UDC 517.948.3:517.948.42

MATHEMATICS

E. L. ARENSON

ON SOME PROPERTIES OF ALGEBRAS OF CONTINUOUS FUNCTIONS

(Presented by Academician V. I. Smirnov on February 2, 1966)

§ 1. Basic definitions. In this note the following notation and terms will be used: \(X\) is a compact Hausdorff space; \(C(X)\) is the algebra of all complex continuous functions on \(X\) with the uniform norm; \(M(X)\) is the space of all finite complex Borel measures on \(X\); a measure is an element of the space \(M(X)\); a partition is a covering of the space \(X\) by pairwise disjoint closed sets; \(A \subset C(X)\)—\(A\) is a closed subalgebra of the algebra \(C(X)\) containing the constants; \(f|F\) is the restriction of the function \(f \in C(X)\) to the set \(F\); \(A|F\) is the algebra of all restrictions to \(F\) of functions from \(A \subset C(X)\); \((A|F)^{-}\) is the uniform closure of the algebra \(A|F\); \(\operatorname{Re} f\) is the real part of the function \(f\); \(\operatorname{Re} A=\{\operatorname{Re} f: f \in A\}\); \(\chi_F\) is the characteristic function of the set \(F\).

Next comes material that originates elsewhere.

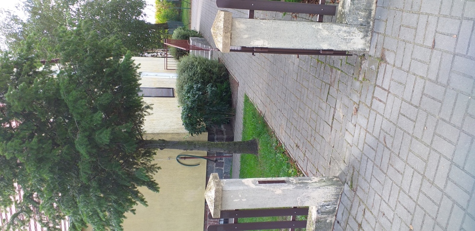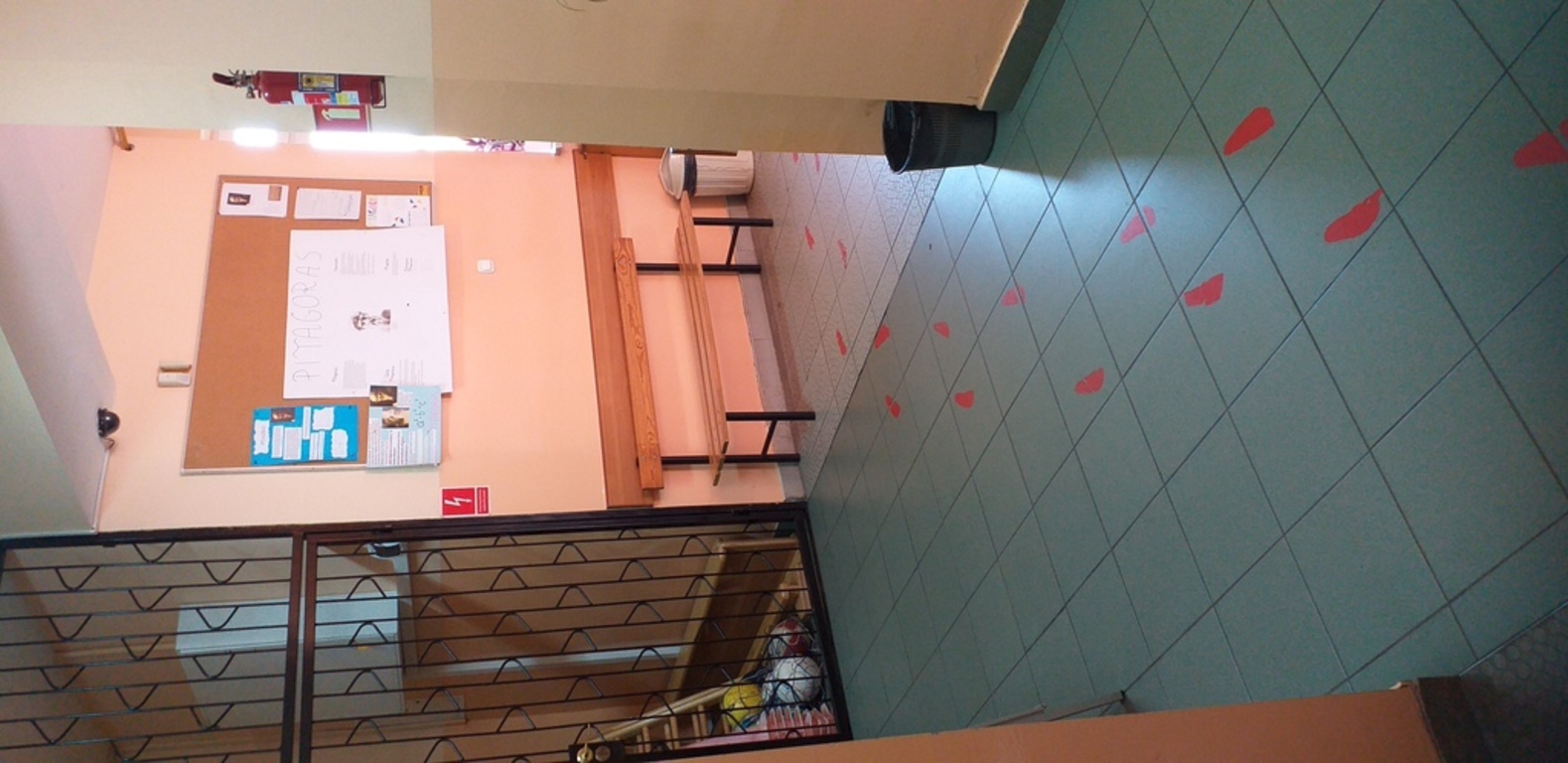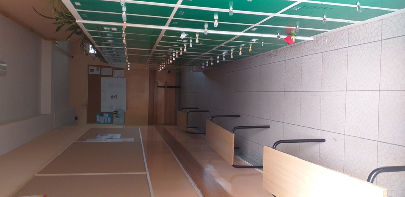 Pochylnia dostosowana dla osób niepełnosprawnych. Znajduje się przy głównym wejściu z posadzką pokrytą płytkami ceramicznymi oraz drewnianymi poręczami po obu jej stronach.

If \(A \subset C(X)\) and \(F \subset X\), then \(F\) is called a set of antisymmetry (for \(A\)) if every real-valued function in \(A|F\) is constant; \(F\) is a peak set (for \(A\)) if there exists a function \(f \in A\) such that \(f|F=1\) and \(|f(x)|<1\) for \(x \in X \setminus F\). A closed set \(F \subset X\) will be called a set of weak analyticity (for \(A\)) if every peak set for the algebra \((A|F)^{-} \subset C(F)\) either coincides with \(F\) or is nowhere dense in \(F\).

If \(A \subset C(X)\) and \(\mu \in M(X)\), then \(\mu \perp A\) means that \(\int f\,d\mu=0\) for all \(f \in A\).

§ 2. The spaces \(H^\infty\). Let \(A \subset C(X)\). For every positive measure \(\mu \in M(X)\), denote by \(H^{1}(\mu)\) the closure of the algebra \(A\) in the space \(L^{1}(\mu)\), and by \(H^{\infty}(\mu)\) the intersection \(H^{1}(\mu)\cap L^{\infty}(\mu)\). Put
\[ \operatorname{Re} H^{\infty}(\mu)=\{\operatorname{Re} f: f \in H^{\infty}(\mu)\}. \]

Lemma 1. (1) \(H^{\infty}(\mu)\) is a closed subalgebra of the algebra \(L^{\infty}(\mu)\); (2) from every bounded sequence \(f_n \in H^{\infty}(\mu)\) in \(L^{\infty}(\mu)\) one can extract a subsequence converging weakly in \(L^{1}(\mu)\) to some function \(f \in H^{\infty}(\mu)\); (3) if \(F \subset X\) and \(\chi_F \in \operatorname{Re} H^{\infty}(\mu)\), then \(\chi_F \in H^{\infty}(\mu)\).

We shall call a positive measure \(\mu\) antisymmetric if every real-valued function in \(H^{\infty}(\mu)\) is constant almost everywhere with respect to \(\mu\).

Lemma 2. (1) If \(\mu\) is an antisymmetric measure, then the support \(\operatorname{Sp}\mu\) of the measure \(\mu\) is a set of weak analyticity; (2) every set of weak analyticity is a set of antisymmetry.

Lemma 3. If \(f \in C(X)\) and \(f|\operatorname{Sp}\mu \in A|\operatorname{Sp}\mu\) for every antisymmetric measure \(\mu\), then \(f \in A\).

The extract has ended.